At the end of the first day
The Yucatan Peninsula is solid limestone shattered eons ago by a meteor, some places in Yucatan have less than a quarter inch of soil. Dynamite has been outlawed to build swimming pools (although used in the past), and since everything comes in through the front door, heavy machinery is really out of the equation. Our swimming pool will be dug by hand along with the strong arms and backs of men descended from the Mayan pyramid builders.
You can see the layer of topsoil, then a layer of cement, more dirt, and another layer of cement.
Below the second layer of cement was some dirt, a lot of old tiles stacked up, and solid limestone
The digging is easy as we soon discover there are several layers in the first few feet. Evidently, over the hundred and thirty year history of the house, porches or driveways for carriages had been constructed, now long covered with additional layers of tile, concrete and dirt. The workers find old bottles, coins, pieces of tile stamped with French writing, a horse shoe, fossil rocks too numerous to count, and a broken Metate y Mano (stone corn grinder).

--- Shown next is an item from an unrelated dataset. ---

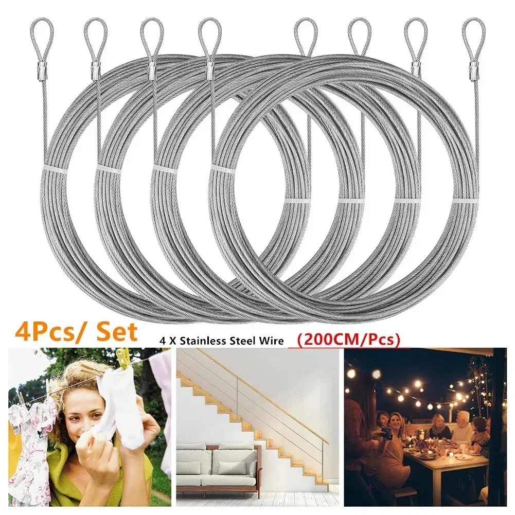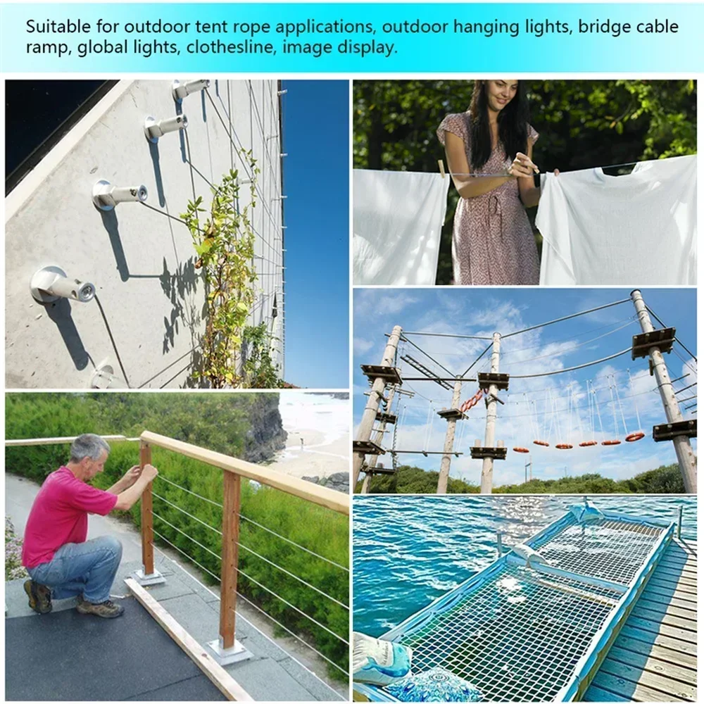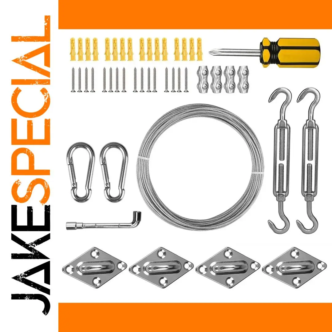 - The set includes a 15-meter stainless steel wire rope, twisted for strength, ideal for tensioning systems on large shade sails or canopies in outdoor environments.

Some of our finds. Still looking for the Spanish gold.
We soon become accustomed to the repetitious tap of the digging bar and the scrap of a shovel, for now at least it is music to our ears.  


  1. Gold or not, you've uncovered wonderful little treasures. This is why I don't want to renovate while I'm still in the US of A. I want to be part of the treasure hunt!

  2. Yeah Lee, it's tough living there while construction is going on but it's an experience you'll never forget.